#### Source data ####
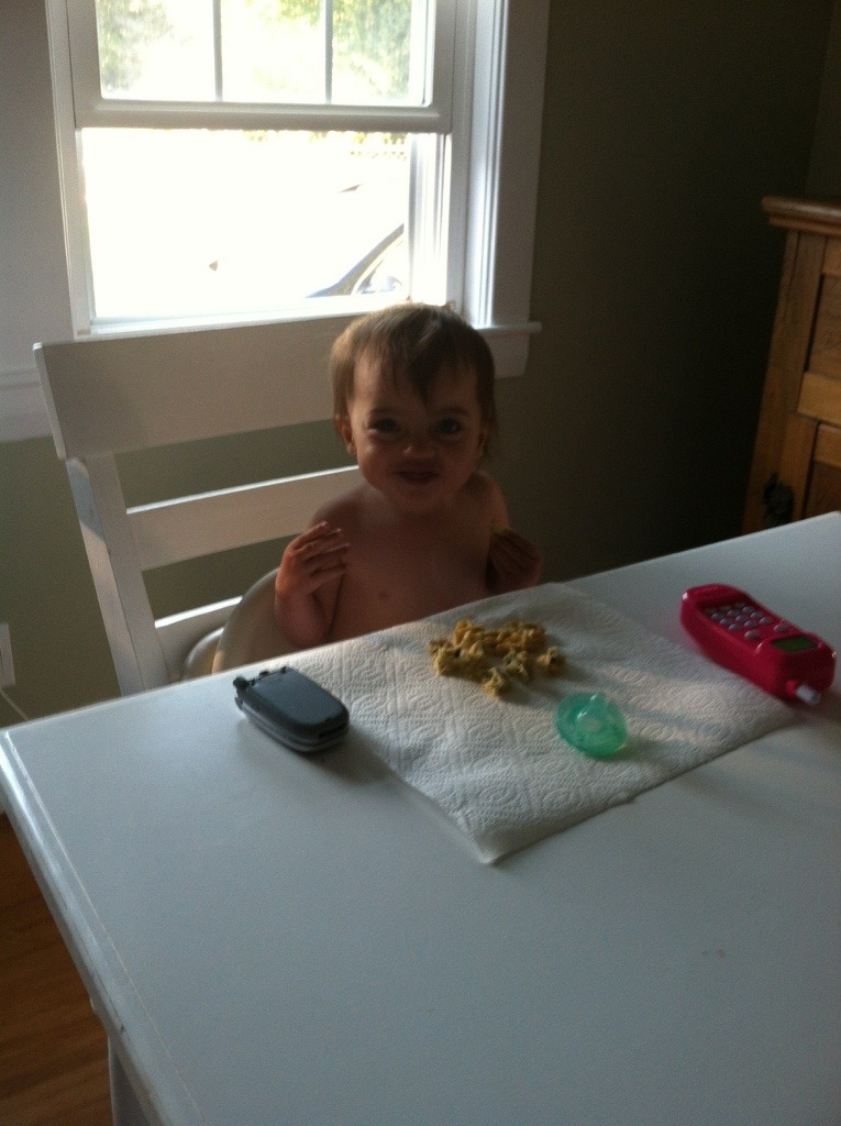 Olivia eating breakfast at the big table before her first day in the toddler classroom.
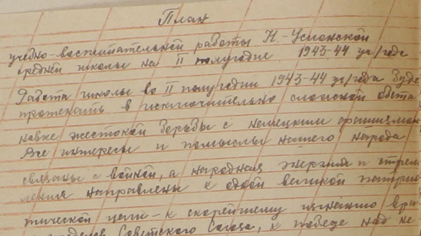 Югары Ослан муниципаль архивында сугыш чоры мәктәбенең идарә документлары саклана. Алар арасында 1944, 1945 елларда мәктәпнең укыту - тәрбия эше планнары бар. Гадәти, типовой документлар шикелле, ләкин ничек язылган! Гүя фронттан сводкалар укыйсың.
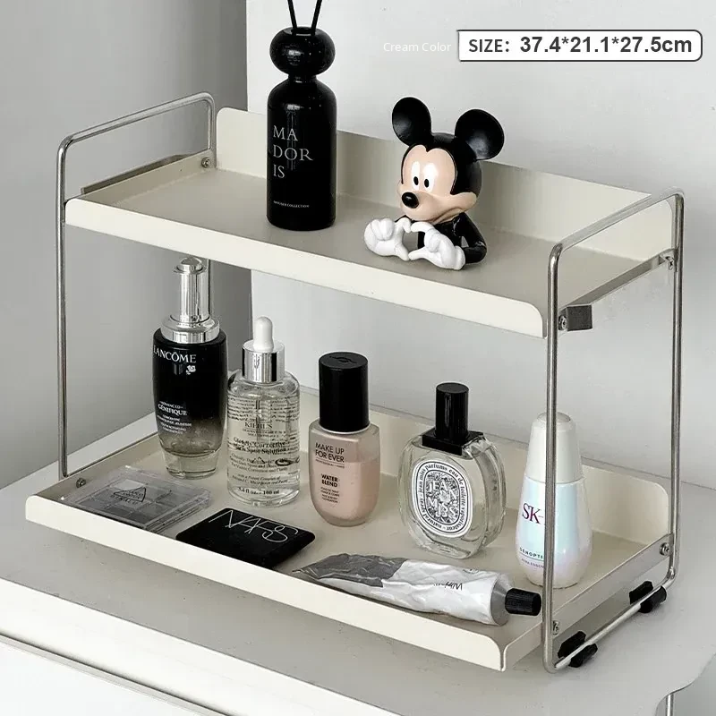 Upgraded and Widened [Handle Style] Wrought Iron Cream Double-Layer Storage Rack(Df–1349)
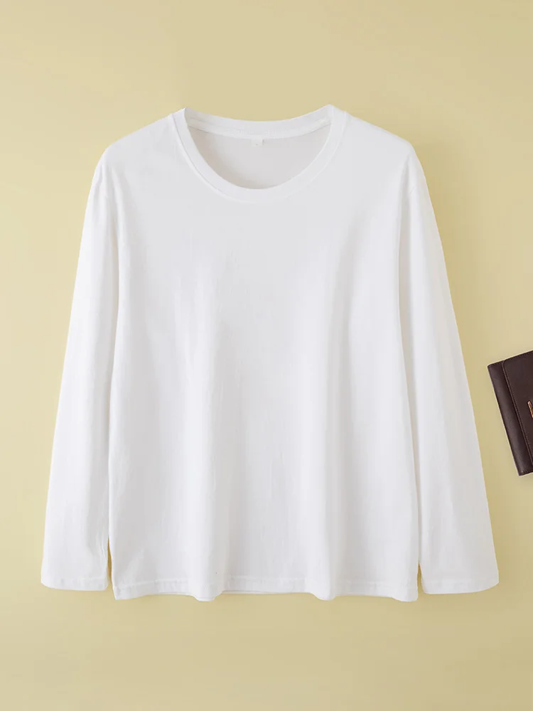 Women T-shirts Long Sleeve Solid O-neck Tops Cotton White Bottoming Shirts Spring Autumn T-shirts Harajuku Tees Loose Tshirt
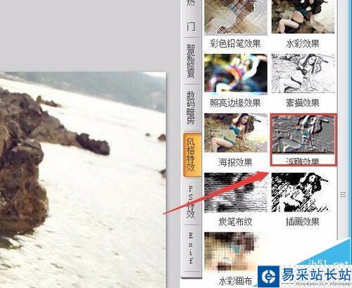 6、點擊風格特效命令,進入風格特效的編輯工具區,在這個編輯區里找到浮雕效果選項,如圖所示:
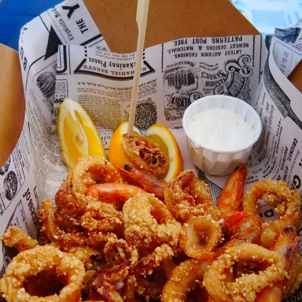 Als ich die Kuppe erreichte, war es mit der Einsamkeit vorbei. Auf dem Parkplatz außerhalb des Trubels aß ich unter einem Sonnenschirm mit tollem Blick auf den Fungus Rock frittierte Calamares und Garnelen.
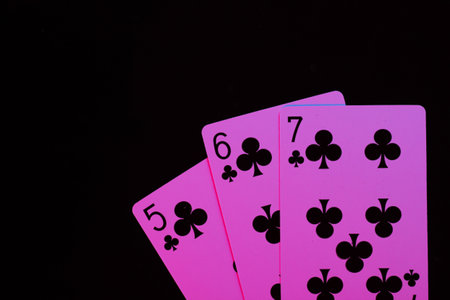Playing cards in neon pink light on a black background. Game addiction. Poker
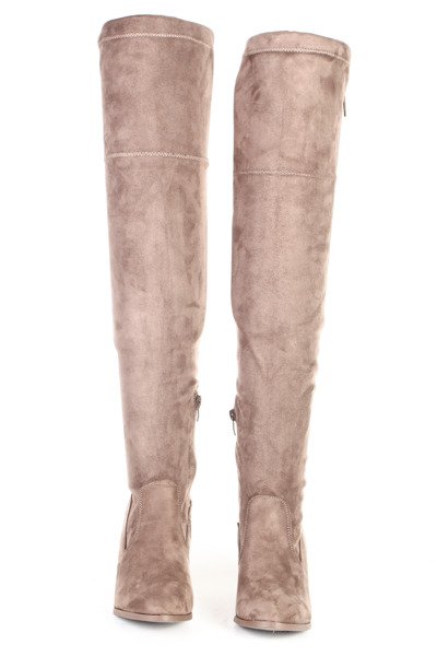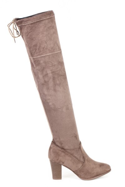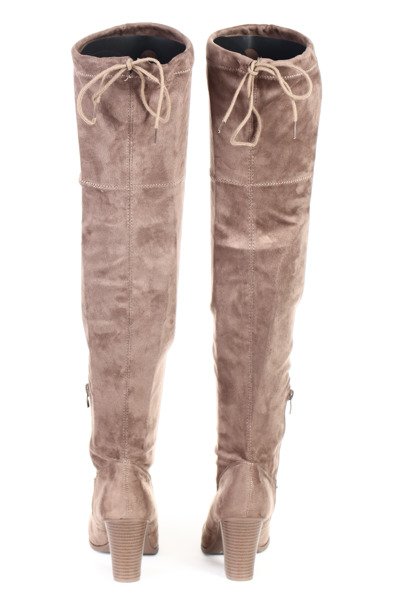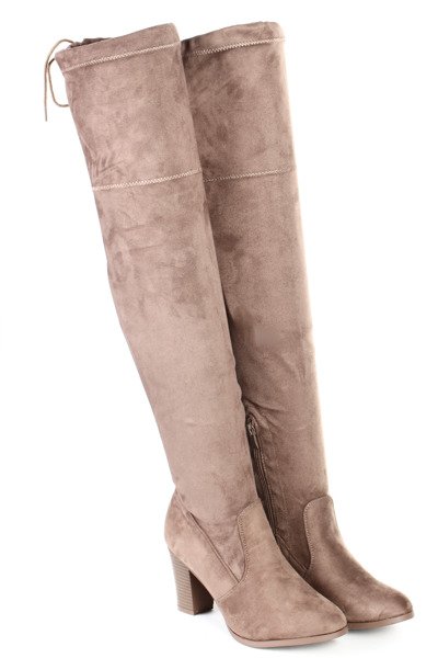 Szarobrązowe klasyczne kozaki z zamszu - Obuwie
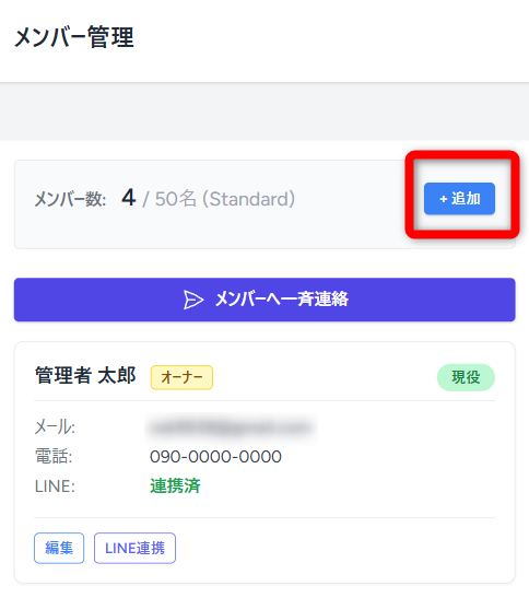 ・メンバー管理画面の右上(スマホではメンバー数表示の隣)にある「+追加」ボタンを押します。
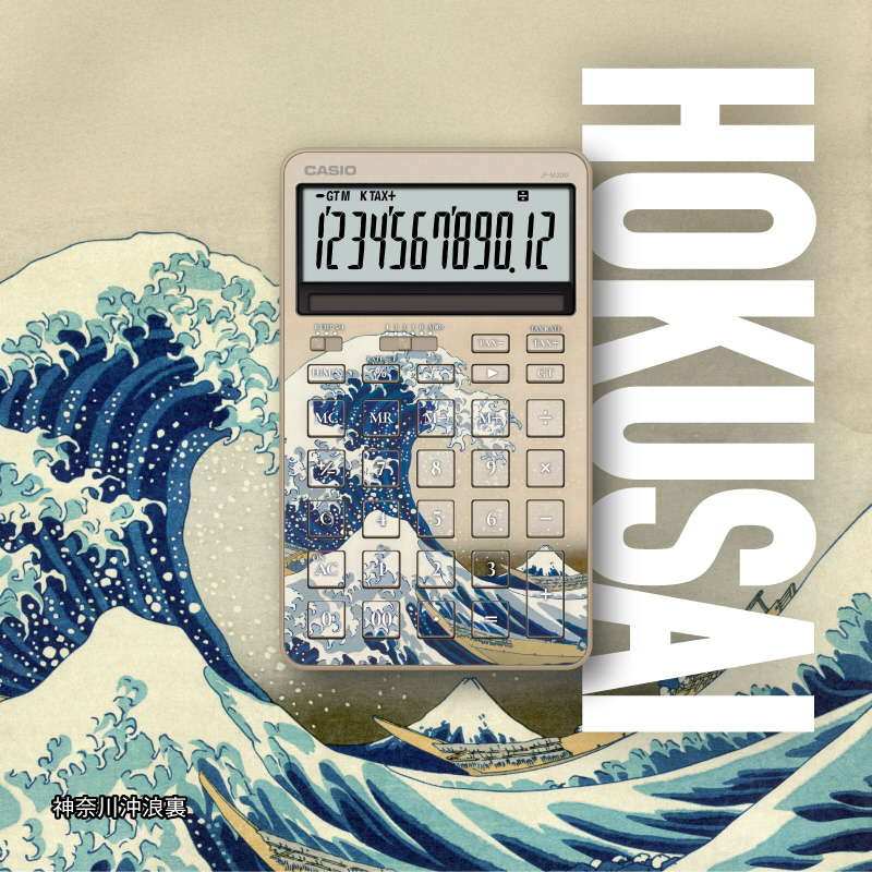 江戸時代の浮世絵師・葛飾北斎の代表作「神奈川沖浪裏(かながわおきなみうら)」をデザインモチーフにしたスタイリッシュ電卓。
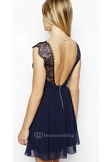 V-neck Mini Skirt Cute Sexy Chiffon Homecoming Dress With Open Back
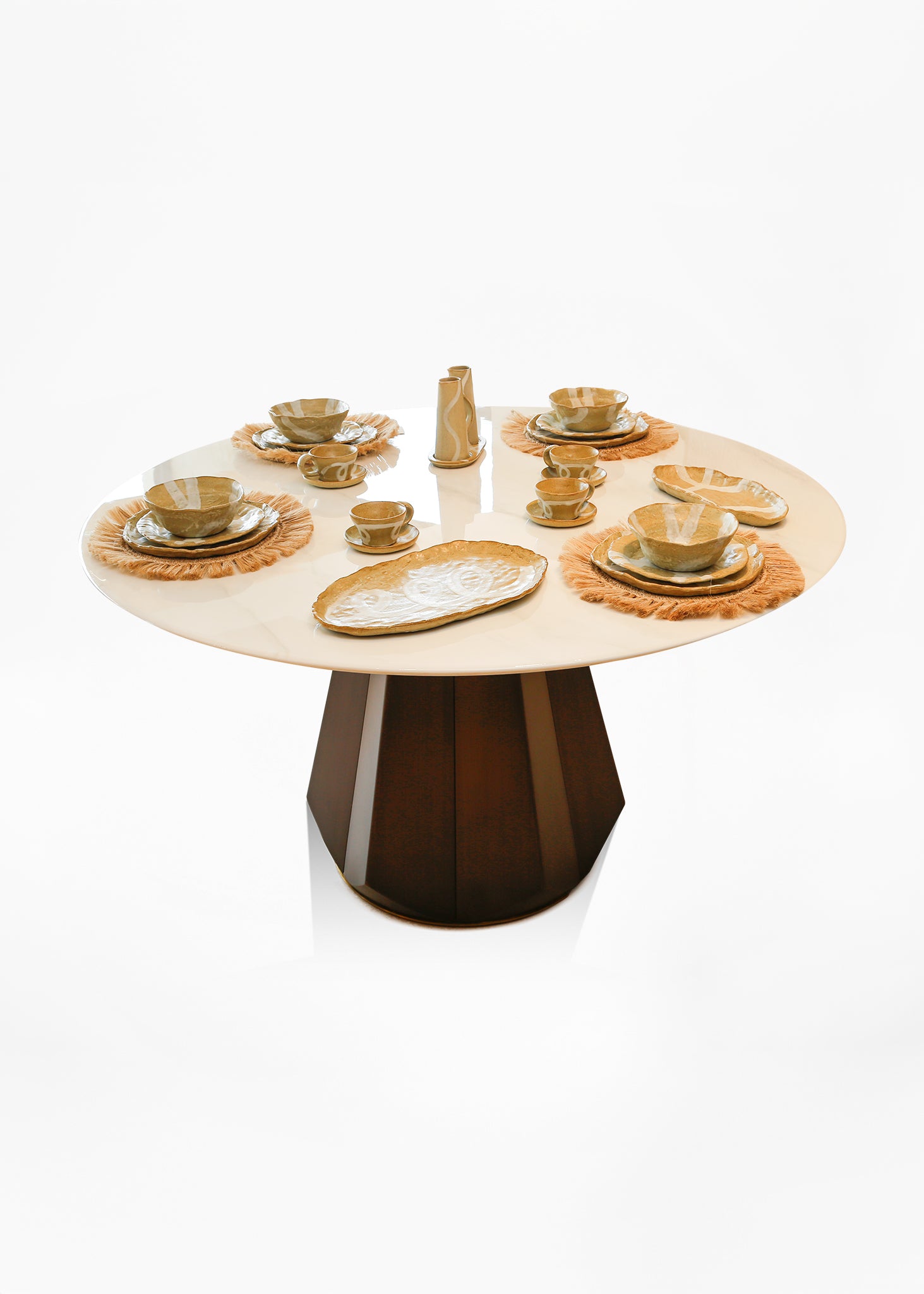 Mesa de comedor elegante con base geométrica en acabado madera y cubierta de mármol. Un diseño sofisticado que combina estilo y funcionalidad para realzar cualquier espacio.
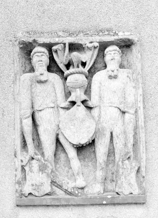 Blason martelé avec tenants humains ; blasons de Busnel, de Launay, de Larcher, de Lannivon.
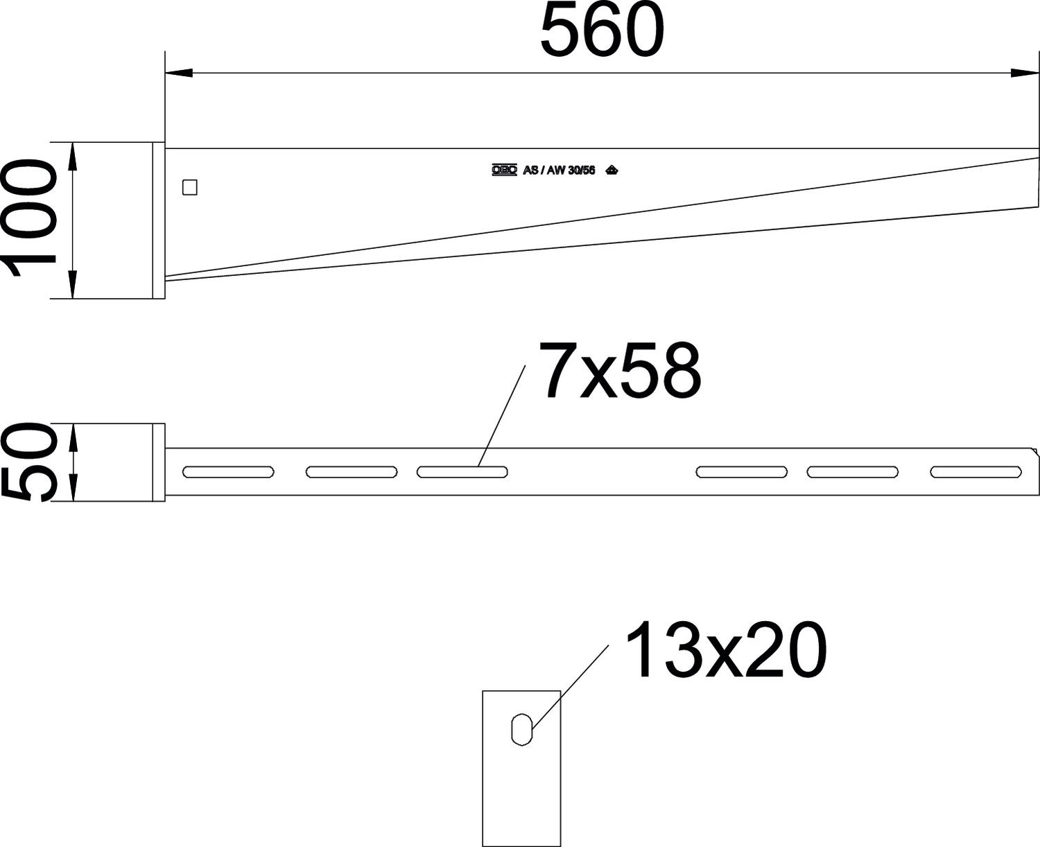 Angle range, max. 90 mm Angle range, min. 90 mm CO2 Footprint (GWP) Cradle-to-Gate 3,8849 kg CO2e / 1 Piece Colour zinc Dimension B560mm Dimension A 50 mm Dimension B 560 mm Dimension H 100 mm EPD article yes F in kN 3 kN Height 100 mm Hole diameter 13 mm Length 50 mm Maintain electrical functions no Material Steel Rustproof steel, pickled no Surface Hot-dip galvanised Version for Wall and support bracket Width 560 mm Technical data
####
▶ [Required action] Provide an exact copy of the records, excluding every picture.

▶ [Answer to this problem]
 Olivia eating breakfast at the big table before her first day in the toddler classroom.
 Югары Ослан муниципаль архивында сугыш чоры мәктәбенең идарә документлары саклана. Алар арасында 1944, 1945 елларда мәктәпнең укыту - тәрбия эше планнары бар. Гадәти, типовой документлар шикелле, ләкин ничек язылган! Гүя фронттан сводкалар укыйсың.
 Upgraded and Widened [Handle Style] Wrought Iron Cream Double-Layer Storage Rack(Df–1349)
 Women T-shirts Long Sleeve Solid O-neck Tops Cotton White Bottoming Shirts Spring Autumn T-shirts Harajuku Tees Loose Tshirt
 6、點擊風格特效命令,進入風格特效的編輯工具區,在這個編輯區里找到浮雕效果選項,如圖所示:
 Als ich die Kuppe erreichte, war es mit der Einsamkeit vorbei. Auf dem Parkplatz außerhalb des Trubels aß ich unter einem Sonnenschirm mit tollem Blick auf den Fungus Rock frittierte Calamares und Garnelen.
Playing cards in neon pink light on a black background. Game addiction. Poker
 Szarobrązowe klasyczne kozaki z zamszu - Obuwie
 ・メンバー管理画面の右上(スマホではメンバー数表示の隣)にある「+追加」ボタンを押します。
 江戸時代の浮世絵師・葛飾北斎の代表作「神奈川沖浪裏(かながわおきなみうら)」をデザインモチーフにしたスタイリッシュ電卓。
 V-neck Mini Skirt Cute Sexy Chiffon Homecoming Dress With Open Back
 Mesa de comedor elegante con base geométrica en acabado madera y cubierta de mármol. Un diseño sofisticado que combina estilo y funcionalidad para realzar cualquier espacio.
 Blason martelé avec tenants humains ; blasons de Busnel, de Launay, de Larcher, de Lannivon.
 Angle range, max. 90 mm Angle range, min. 90 mm CO2 Footprint (GWP) Cradle-to-Gate 3,8849 kg CO2e / 1 Piece Colour zinc Dimension B560mm Dimension A 50 mm Dimension B 560 mm Dimension H 100 mm EPD article yes F in kN 3 kN Height 100 mm Hole diameter 13 mm Length 50 mm Maintain electrical functions no Material Steel Rustproof steel, pickled no Surface Hot-dip galvanised Version for Wall and support bracket Width 560 mm Technical data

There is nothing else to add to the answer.